Flux variation gradient diagrams for all filter pairs. Black points are the observed fluxes; the OLS-bisector fit (black line) gives the AGN slope ΓAGN (values in each panel). Dashed red lines show the range of host slopes from Sakata et al. (2010) (yellow region); their intersections with ΓAGN yield the host fluxes. Blue lines indicate the corresponding AGN flux ranges.

Appendix B: Effect of detrending

In this section, we investigated the potential impact of detrending AGN photometric continuum light curves to remove long-timescale variations arising either from stochastic, multiscale accretion-disk variability or from reprocessing in the BLR and torus. To this end, we incorporated previously published light curves of Fairall 9 from Edelson et al. (2024), who provided multiband monitoring in Swift-HX, SX, W2, M1, W1, U, B, and V with a typical cadence of ∼1.3 days over a baseline of ∼1.8 years. Among these, the U-band light curve spans a longer baseline of ∼2.7 years, from 13 May 2018 to 14 February 2021, and overlaps with the wavelength coverage of the u-band used for our observations.

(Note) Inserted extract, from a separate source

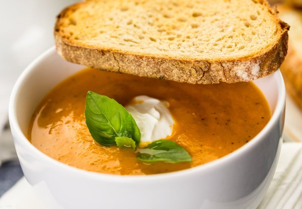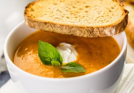 Zupę pomidorową z mascarpone podawaj z chrupiącymi grzankami, groszkiem ptysiowym lub makaronem czy ryżem.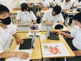 若手教員を中心にさっそく教室でICTを活用した授業を実践しており、今日は授業の様子を見学させてもらいました。プロジェクタを活用した授業では、授業担当者が事前にスマートフォンに取り入れたプレゼンデータをプロジェクタにつなぎスクリーンに投影。驚いたのは、電子黒板機能が搭載されており、電子ペンでスクリーンに文字を書き加えながらより詳細な解説ができていました。また、英会話の授業においては、タブレット型ノートパソコンを一人一台使用して、調べ学習が行われていました。自分の好きなテーマを決め、調べた内容を英訳し、後日みんなの前で英語で発表するようです。

Our monitoring campaign covers the period from 20 September 2024 to 13 February 2025, with a duration of ∼146 days and a much denser cadence of ∼0.3 days. In Figure B.1, we present the U-band light curve from Edelson et al. (2024) and our u-band light curve. We then applied first- and second-order detrending procedures to each light curve independently. Interestingly, the two datasets, which span distinct and non-overlapping monitoring periods, exhibit different detrending behaviors; in particular, a completely different trend is observed under second-order detrending.

This contrast demonstrates that the shape of the detrending curve is highly sensitive to the total length of the light curve. Consequently, detrending may subtract different components of the long-timescale, slower variability depending on the duration of the dataset. This, in turn, demonstrates that detrending the light curve can compromise the reliable recovery of the intrinsic short-timescale accretion-disk reverberation signal. Therefore, we adopt the lag analysis results obtained from the undetrended light curves as our final measurements, while those derived from detrended light curves are presented for comparison.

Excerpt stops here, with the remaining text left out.